BMO Financial Group (formerly the Bank of Montreal) uses a central data warehouse with application-specific data marts to get that 360-degree view of its customers, and to identify which are most profitable, most likely to respond to an offer, or in danger of switching to another bank. The system won the Data Warehouse Institute's best-practice award for use of a data warehouse for customer-relationship management.
BMO's data warehouse, assembled five years ago, uses IBM's DB2 Universal Database software running on an IBM RS/6000 SP server. The system now has 5-to-6 terabytes of customer data (8 terabytes by next year) pulled from 42 operational systems, including retail, investment, commercial, and wealth-management applications. Software from Ab Initio Software Corp. handles the data-transformation chores.
From the data warehouse, the data is moved into data marts for specific analytical tasks. One is used to calculate the profitability of individual customers. "That was one of the most important data marts we ever built," says Ted Mendes, database management services director. "You need that as a base for CRM."
BMO uses software from SAS Institute Inc. to build models that groups customers into 12 categories, such as "empty-nesters" and "young families with children," and analyzes data for customer retention, profitability, and propensity to buy additional services. IBM software is used to attach scores to individual names, such as a customer's likelihood to accept a home-loan offer or leave for another bank. These scores are re-run each month, Mendes says.
The scores are then fed into an application from Unica Corp. that develops recommendations for each customer, such as offering them a new credit card or home loan. Those, in turn, are loaded into applications from Siebel Systems Inc. used by the bank's tellers, call-center works, and other customer-facing employees and systems. The data warehouse is updated to reflect customer responses to the offers. Business-intelligence software from MicroStrategy Inc. is used to analyze customer scores and offers to see what's effective and what isn't.
Mendes' team is developing triggers for the data-warehouse system that can automatically respond to customer actions. A customer making a large deposit that boosts his account 20% or 30% above his regular balance might be offered a certificate of deposit or an investment opportunity, for example.
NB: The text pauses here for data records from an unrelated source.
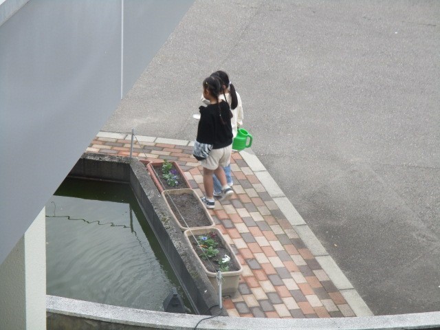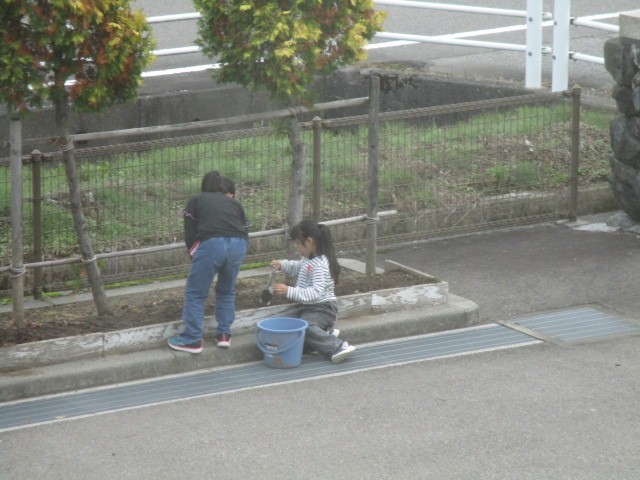 今日もたくさんの子供たちが花の世話をしてくれていました。
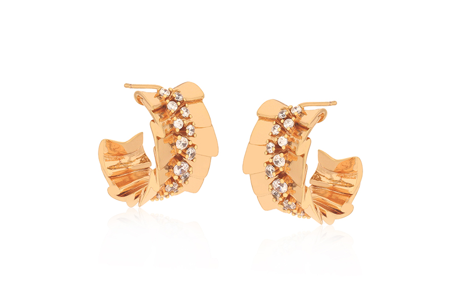 BRINCO EM PRATA, ARGOLINHA CLICK CURVADA CRAVEJADA, 10mm ALTURA
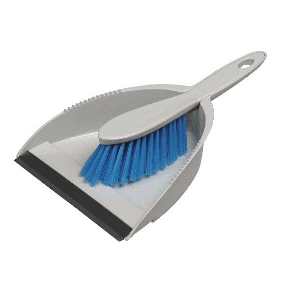 Szufelka ze zmiotką: Kolor: Szary; Typ włosia: PET; Szufelka zakończona gumową listwą wykańczającą.
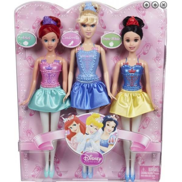Your favorite princesses are on their way to happily ever after in beautiful ballet style! Includes Ariel, Cinderella and Snow white dolls.
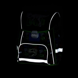 La cartella scolastica della linea Premium è anatomica e garantisce il corretto posizionamento sulla schiena. Il dorso rinforzato e l’intelaiatura interna mantengono la forma stabile dello zaino. L’imbottitura è in materiale piacevole e traspirante; gli spallacci larghi e morbidi sono progettati per aderire perfettamente e distribuire uniformemente il peso sulle spalle del bambino. La cartella è composta da un unico scomparto capiente, in cui trovano comodamente posto tutti i materiali scolastici per i bambini della 1a e 2a classe. Il fondo dello zaino è realizzato in materiale rigido, proteggendo il contenuto da rovesciamenti e fuoriuscite. La chiusura è dotata di fibbia di sicurezza. La taschina frontale è pensata per la merenda; non mancano numerosi elementi riflettenti che rendono la cartella più visibile. Volume: 28 l. Portata: 8 kg.
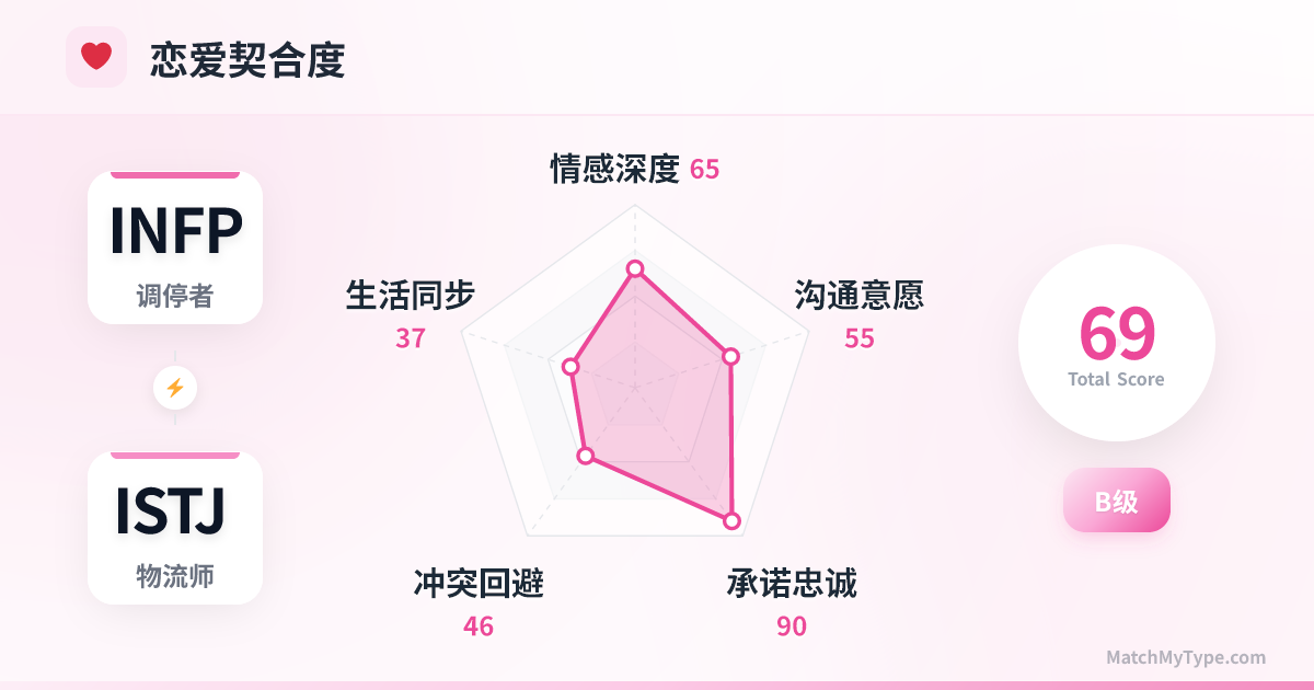 这是一对典型的“差异吸引”组合。INFP 被 ISTJ 的稳重、可靠和那种“说到做到”的安全感所吸引;ISTJ 则会被 INFP 的纯真、想象力和看似柔弱却坚韧的内核所打动。然而,当浪漫褪去,生活习惯和思维方式的巨大差异将是最大的考验。
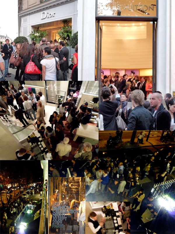 Mais j’ai trouvé que l’animation était finalement moins le fait des marques que celui des femmes parfois déguisées ou habillées dans des tenues dignes des soirées chez l’Ambassadeur alors que nous étions seulement en train de faire du shopping ! Tout le monde avait sorti sa tenue d’apparat pour faire la belle.. Nous sommes arrivées en plein milieu d’un essayage de cuissardes incroyables chez Louis Vuitton : des cuissardes dorées que la jeune femme s’était empressée d’essayer en jetant négligemment ses Louboutin par terre.. Et oui, le principe est bien entendu de vendre. Toutes ces boutiques de luxe nous reçoivent avec de somptueux décors au milieu desquels il y a un incessant ballet de serveurs qui tournoient habilement avec des plateaux de coupes de champagne mais elles le font pour saouler les clientes pour mieux leur vendre leurs produits. C’est astucieux et efficace d’après ce que nous en avons vu hier soir.
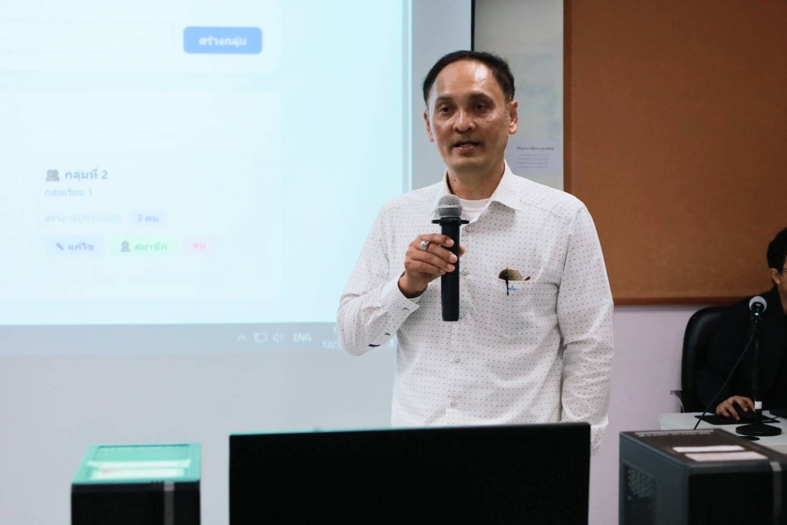 วิทยากรนำโดย อาจารย์เสรี ชะนะ ผู้อำนวยการ ผู้ช่วยศาสตราจารย์วุฒิชัย อินทร์แก้ว รองผู้อำนวยการ และนายธนภัทร เจิมขวัญ นักวิชาการคอมพิวเตอร์ ชำนาญการ
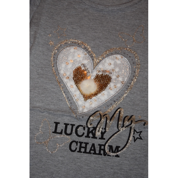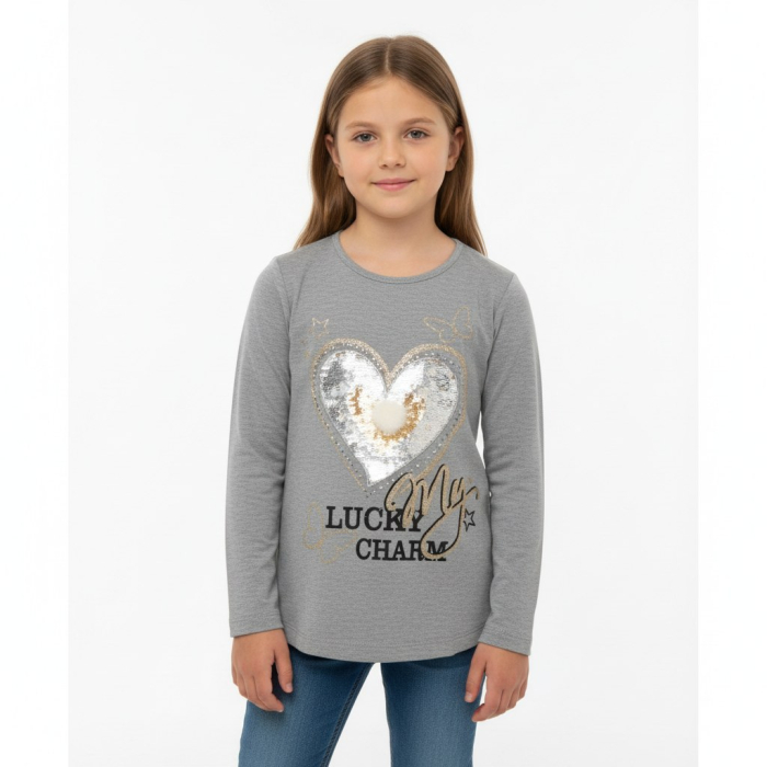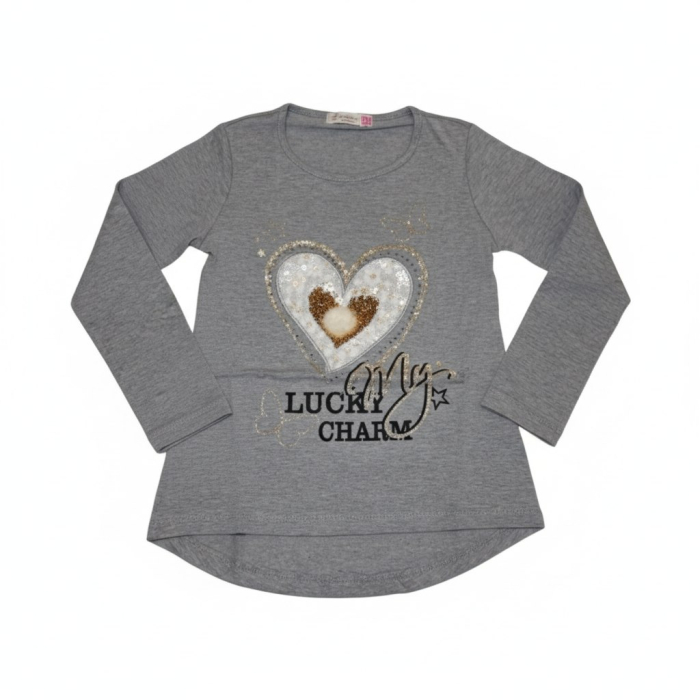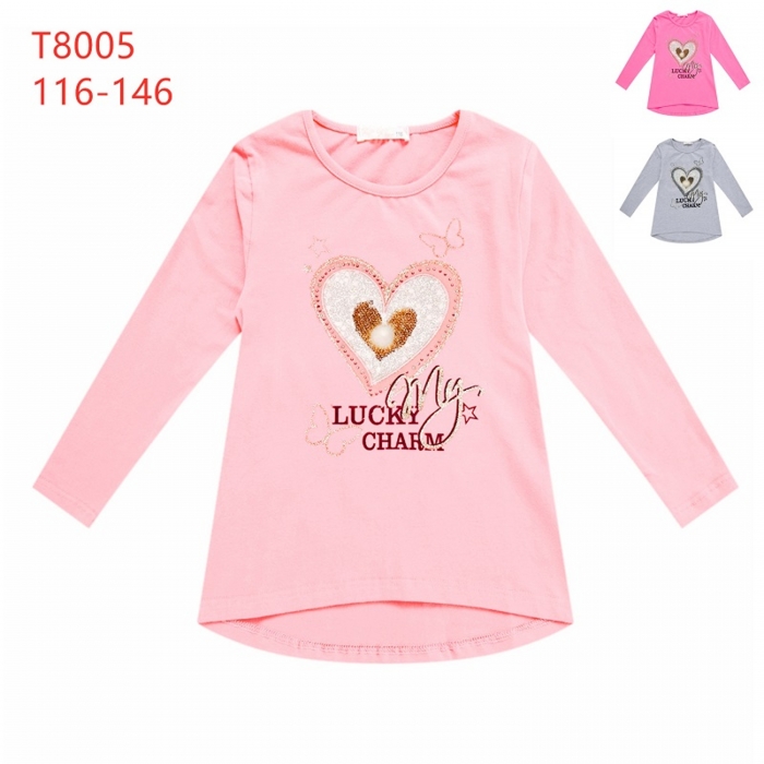 Krásné dívčí tričko - dlouhý rukáv s aplikací srdíčka.

AT&T Wireless Services operates two data warehouses that together hold about 11 terabytes of customer-billing and call-detail records. The systems are used by some 4,000 employees and managers in customer service, finance, and sales and marketing for everything from fraud detection to calculating sales commissions to reporting the division's financial results.
With so much riding on the accuracy of the data, maintaining data integrity is critical. The processes and policies AT&T Wireless relies on to maintain data integrity earned the division The Data Warehouse Institute's award for data stewardship and data quality.
The data warehouses are an older Wisdom (wireless information system, decision enterprise management), which will be retired next year, and a new-generation EDW (enterprise data warehouse) that was built last year. Both are based on NCR Teradata hardware and software. Users extract data from the warehouse using reporting software from Business Objects SA and Web-based applications developed using Macromedia Inc.'s ColdFusion.
AT&T Wireless' data-integrity program, begun in 1999, emphasizes data stewardship and gives the users of the data warehouse ownership of the data within. Designated representatives in marketing, for example, "own" data that pertains to distribution channels, which makes them responsible for the reference tables that define that data. Finance likewise is responsible for terms such as customer churn.
"Users have to be able to make the best decisions with the best-quality data," says Deanne Larson, data warehouse program-management director. The goal of the data-integrity program is to assure users that the data is meaningful, useful, and provides value to the business, she says.
A rigorous change-control process ensures that changes in data definitions don't negatively affect other data. Proposed changes are simulated using test scripts developed with Teradata utilities to gauge their impact. Data-warehouse managers also conduct extensive audits in conjunction with users when adding a new data source to the system to be sure it will meet data-integrity standards and user needs. And AT&T Wireless has well-defined procedures for users to submit questions and feedback to the data-warehouse management team and processes for investigating those issues.